Food, dementia and me

Whilst my brain seems to be remarkably good still, other things about my dementia continues to ‘trouble me’.  When I say trouble me, I don’t actually mean they trouble me, I mean they are not quite normal for people in general.

I think food and eating with dementia is a very complex thing, much more so than people realise, especially when you live alone.  The usual questions at the GP or Memory Clinic appointments are:

Q.  Do you cook for yourself okay?      A. yes

Whether or not I finish eating it or not is another matter, or indeed whether I can save some of the excess to keep for another day.

I still don’t get hungry and have to look at the time to see whether I should eat or not.  I could quite happily go all day without food.  On average I would say that half the time I have one cooked meal a day and nothing else, the other half I manage to get a Gluten Free sandwich or snack at lunchtime.  There lies another problem being Gluten Free I don’t always have any bread and everything else is a poor quick snack substitute so I don’t bother. Regulating how much I eat can be tricky sometimes, especially if there is something I really like the taste of because I just want to experience that taste till whatever it is has all been consumed.   For instance I cooked a ham joint and wanted to finish the whole thing because I like the taste, I did manage not to though !    A lot of food has lost its taste for me and things I used to enjoy seem..tasteless and I can’t really be bothered to finish eating something that doesn’t have that – taste appeal.
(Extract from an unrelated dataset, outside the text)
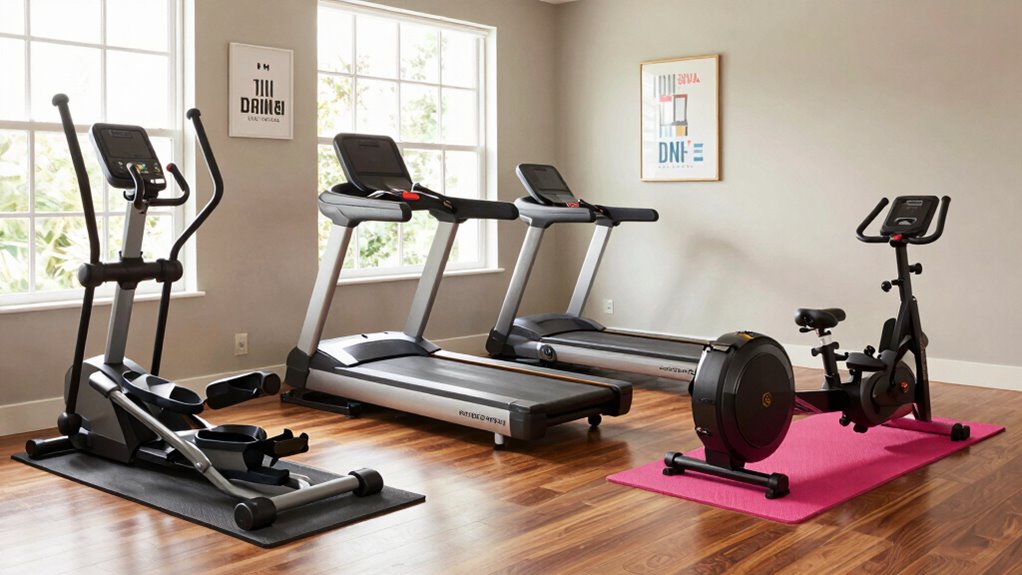 These compact cardio machines usually take up about 3 to 4 square feet for bikes and elliptical trainers, while foldable treadmills need around 6 to 8 square feet when in use. I find that measuring carefully and choosing models with foldable features helps maximize limited space. It’s also smart to think about machines with adjustable sizes or wheels for easy storage, making your small gym both functional and comfortable.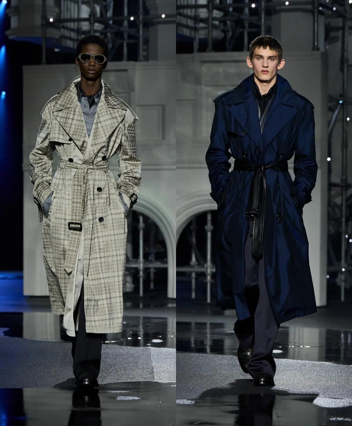 男装部分:打破功能与仪式的界限,将功能性单品(飞行夹克、连帽衫)晚装化;色彩纯粹饱和;强调“穿着方式”的解构。这种设计语言暗示了现代男性生活方式的流动性——从工作到社交,无需换装,只需切换心境。

Drinking enough fluid can be a problem although I try my hardest to drink a fair amount of water and other drinks, weak coffee or fruit teas, throughout the day.    It is, for me, something that it a conscious effort I have to make.

So when you ask a person in the very early stages of dementia if they have eaten, or are they okay with cooking for themselves fine, understand that the answers are far more complex than the question.

Note:  I am not managing to lose any weight so I am definitely not starving myself!!

 

 

 

 

Author: Gill

I was diagnosed with Early Onset Alzheimer's in Dec 2012 aged 58 after 20+ years of memory and other cognitive difficulties. It was both a relief and a shock getting the diagnosis. But, I am determined to live a happy and productive life with this disease. Enjoy what I can do and push as much as I can physically, mentally and emotionally will always be my mantra :) My plan is to live simply, create a wildlife garden for birds and bees to enjoy when I can no longer garden.